Here in Katie’s Head

Sunday self-loathing

20
May
2007

It seems that at the end of every weekend, almost without fail, I find myself in the same place. After even the most fun, uplifting, relaxing or exciting of weekends, somehow Sunday night my brain decides to focus on everything that is wrong in my life.

My theory is that after spending, oh, the last decade of my life stressing out with last-minute homework every Sunday night, I have become hardwired into finding something, anything to panic about each week. The long-term significance of that something may be next to nothing, but for a good three hours, it will be the only thought in my head.
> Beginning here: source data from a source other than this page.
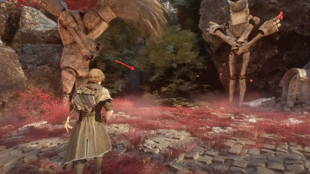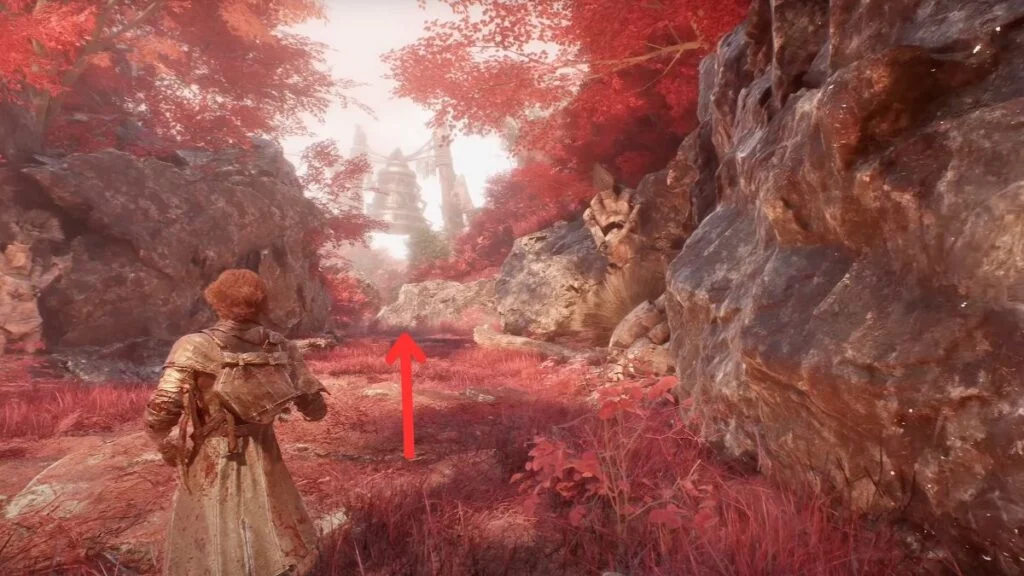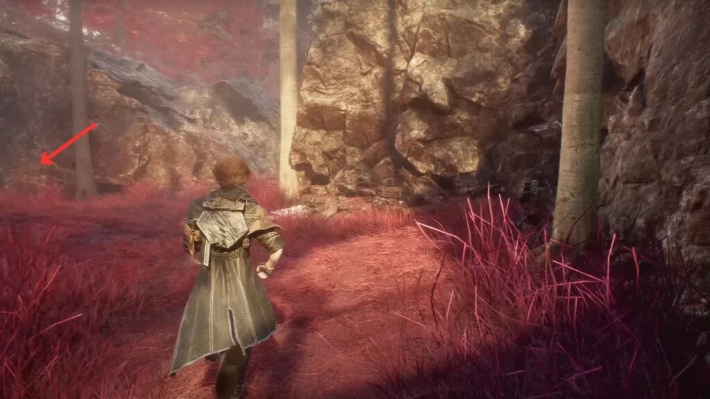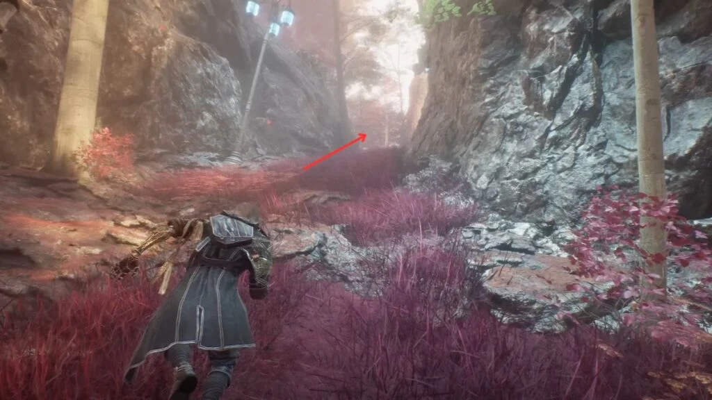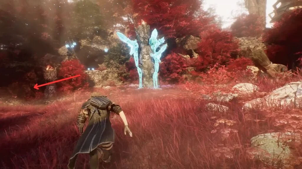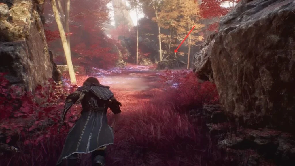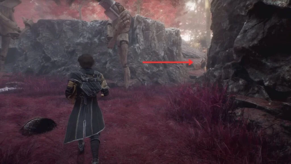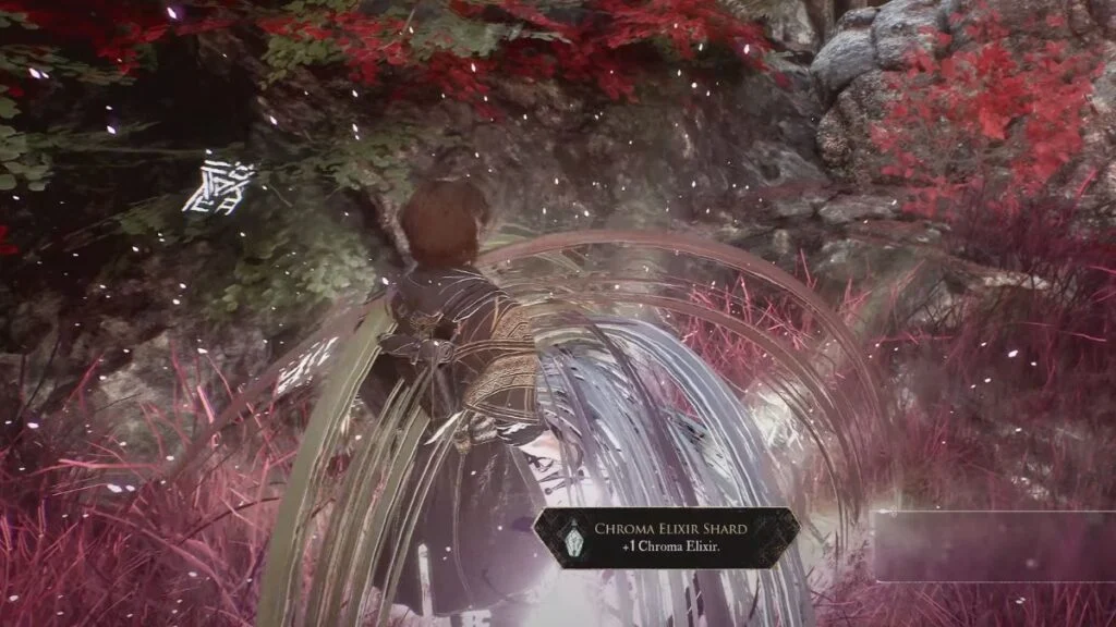 Keep following the main path. At some point, Lune and Maelle will have a short conversation about the area. Keep going after that. When the path splits, take the first left and then turn right. Walk along and on the left you will find a Healing Tint Shard sitting under a statue.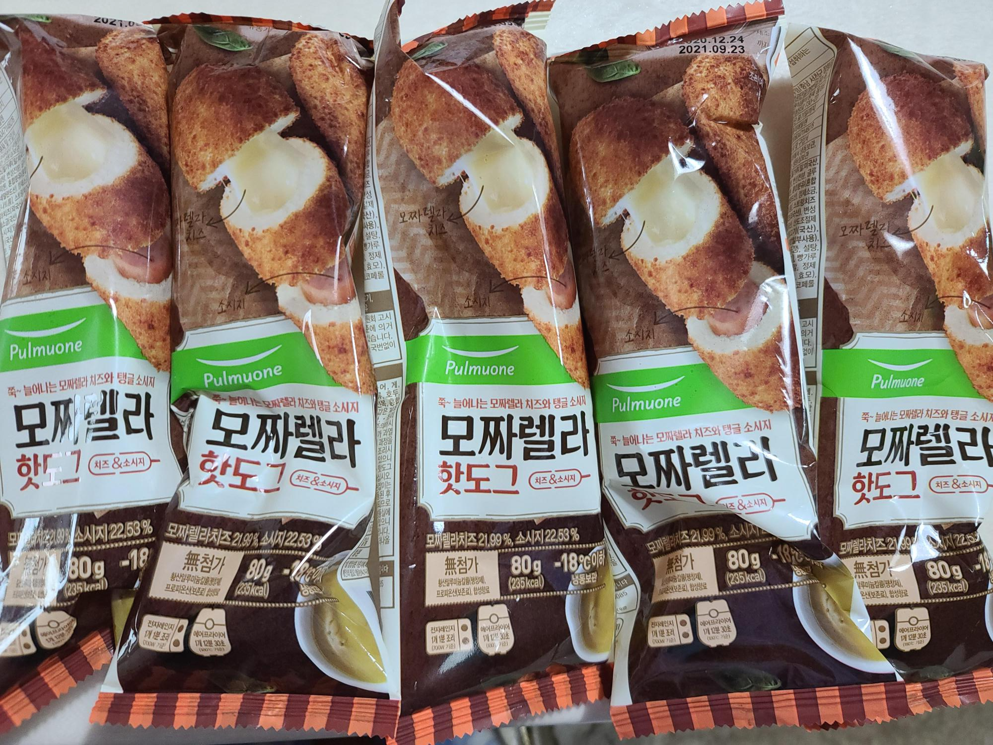 위의 사진을 보시면 아시겠지만, 풀무원 모짜렐라 핫도그는 낱개로 5개가 소포장되어있습니다.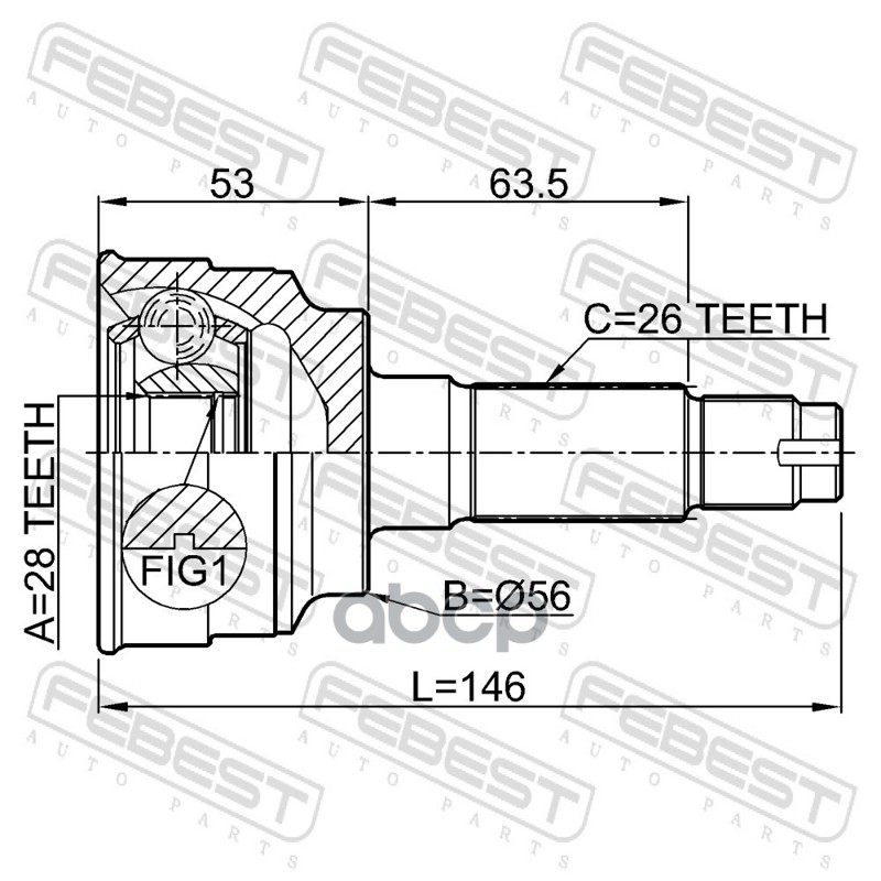 ШРУС Mazda 323 VI 98-, МКПП наружный Febest FA52-22-510 FA5022610A; FA5022610B; FA502540XA; FA502540XB; FA502560XC; FA5222510; FA5222510A; FA522550XA; FA5422510; FA5422510A; FD5522510; FD5522610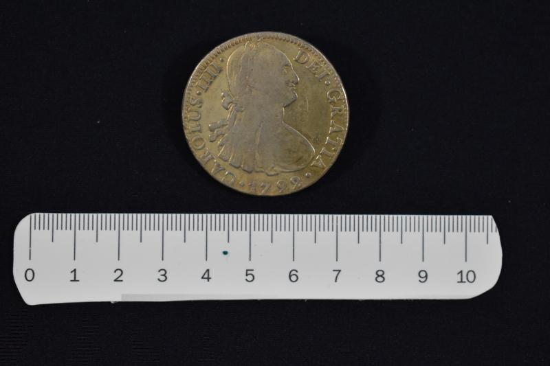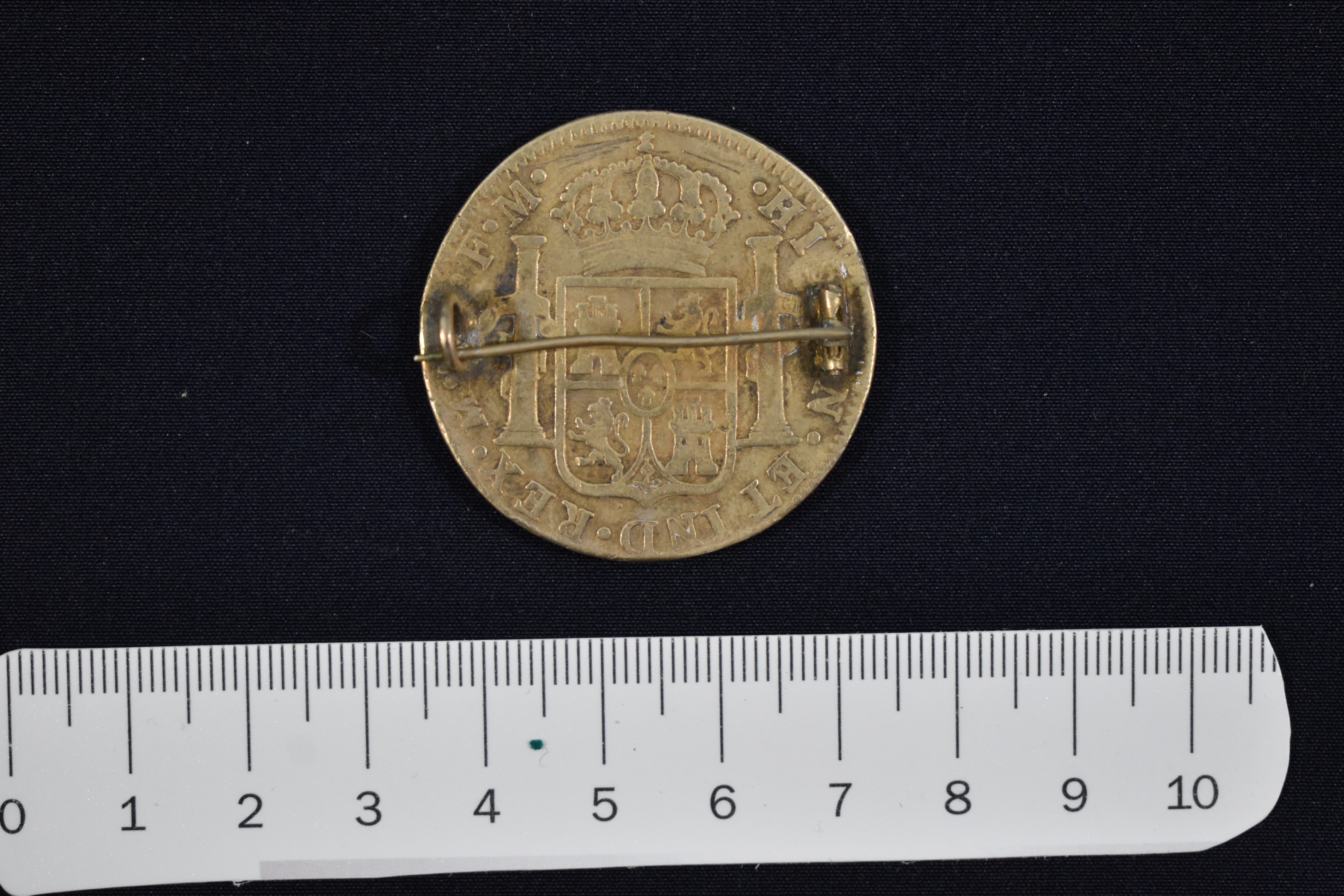 Moneda de 4 reales acuñada en 1792, con la efigie de Carlos IV en el anverso y el broche añadido por el reverso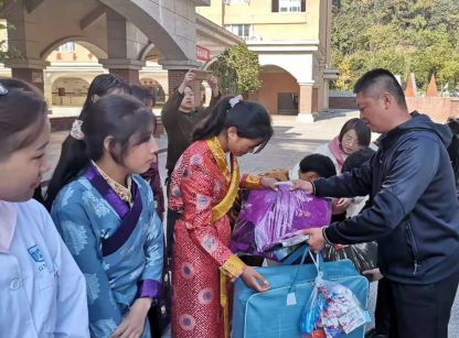 贵定县公安局在开展“五长·六进四访”工作中,了解到我院西藏同学在校学习三年期间只能回藏一次,寒假盘江镇翁城河岸边,冬季气温在零下3度左右,较为寒冷,为使异乡求学的西藏班同学能度过有“温度”的冬季,感受祖国大家庭情谊,杨仂同志一行为同学们送上了衣物、被子等过冬御寒日常生活用品,希望西藏班的同学们将贵定县当作第二故乡,在三年的学习时间里克服困难、锤炼品格,努力完成学业,早日报效祖国、不负青春韶华。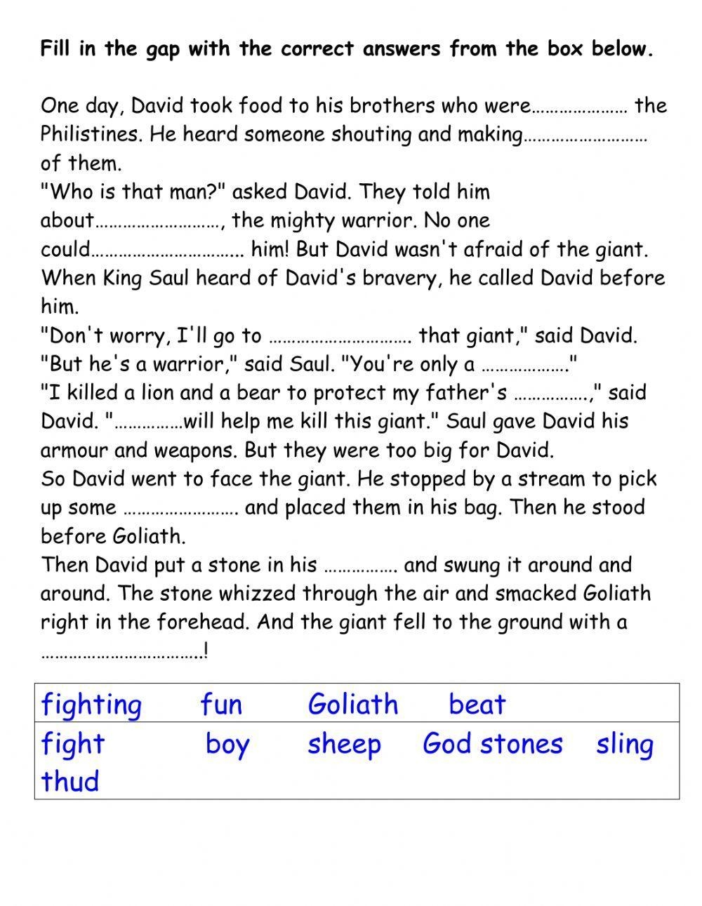 David and Goliath worksheets can come in various forms, including reading comprehension exercises, vocabulary activities, and critical thinking questions. These worksheets are designed to help students not only understand the story better but also to draw out important themes and lessons that can be applied to their own lives.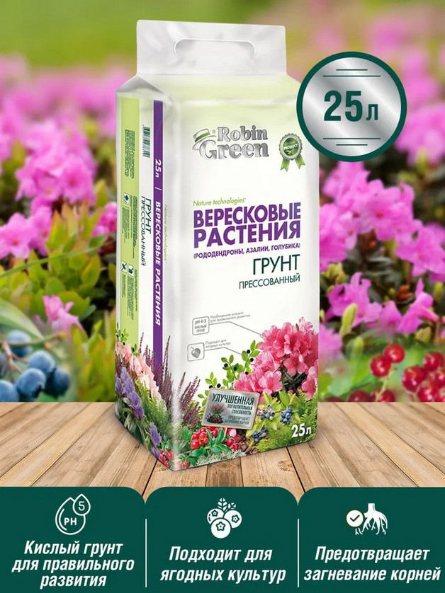Земля для вересковых растений "Робин Грин" – полностью готовая к применению смесь, специально разработанная для выращивания и пересадки всех видов вересковых декоративных растений (рододендронов, азалий, папоротников), а также ягодных культур, таких как брусника, голубика и клюква.
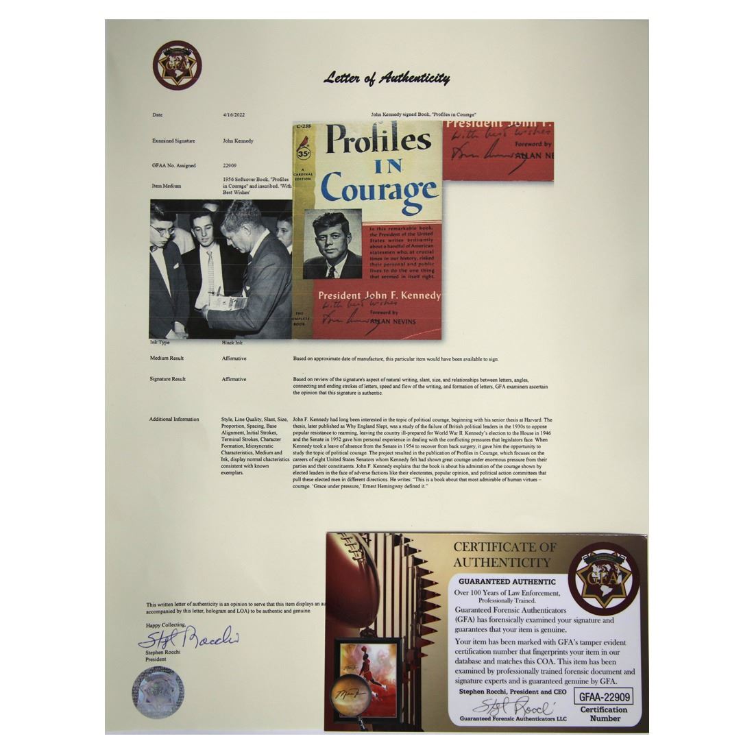 John Kennedy (May 29, 1917 – November 22, 1963) signed softcover book “Profiles in Courage.” Signed in black ink and inscribed, ‘With Best Wishes.’ When John Kennedy took a leave of absence from the Senate in 1954 to recover from back surgery, it gave him the opportunity to study the topic of political courage. The project resulted in the publication of Profiles in Courage, which focuses on the careers of eight United States Senators whom Kennedy felt had shown great courage under enormous pressure from their parties and their constituents. In the preface to Profiles in Courage, Senator Kennedy discusses the “problems of political courage in the face of constituent pressures, and the light shed on those problems by the lives of past statesmen.’’ John F. Kennedy explains that the book is about his admiration of the courage shown by elected leaders in the face of adverse factions like their electorates, popular opinion, and political action committees that pull these elected men in different directions. He writes: “This is a book about that most admirable of human virtues – courage. ‘Grace under pressure,’ Ernest Hemingway defined it.” Comes with a Letter of Authentication from Guaranteed Forensic Authenticators (GFA), along with the GFA guarantee of authenticity.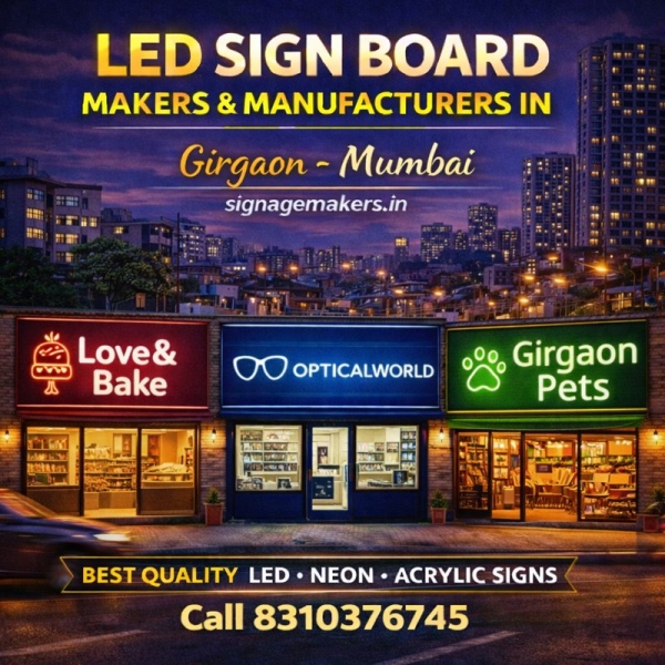 Welcome to signagemakers.in, a trusted name among LED Sign Board Makers & Manufacturers in Girgaon, Mumbai. We specialize in manufacturing high-quality LED sign boards that help local businesses, shops and commercial establishments gain strong visibility in busy and traditional market areas.

Maybe it’s bills, maybe it’s about a boy, maybe it’s that damn speeding ticket, maybe it’s the POS slipcover for my couch that I should really just return, maybe it’s a thousand things I’ve put off for too long. Okay, this week it’s all of them.

But this morning? All was well. Hell, I got to meet Matt Haughey. This afternoon? I was in the garage stripping paint with a heat gun and a sander, loving every sweaty minute of it. Tomorrow morning? I’ll happily rise and shine when my alarm goes off.

But somewhere around when Desperate Housewives starts, my thoughts turn to things that make me cranky. When Brothers and Sisters is over and I don’t have a TV show to distract myself, it gets worse. And then I think I need to write a blog entry about Sunday self-loathing in case I’m not the only one. Most weeks I decide to read a book or go to bed early instead.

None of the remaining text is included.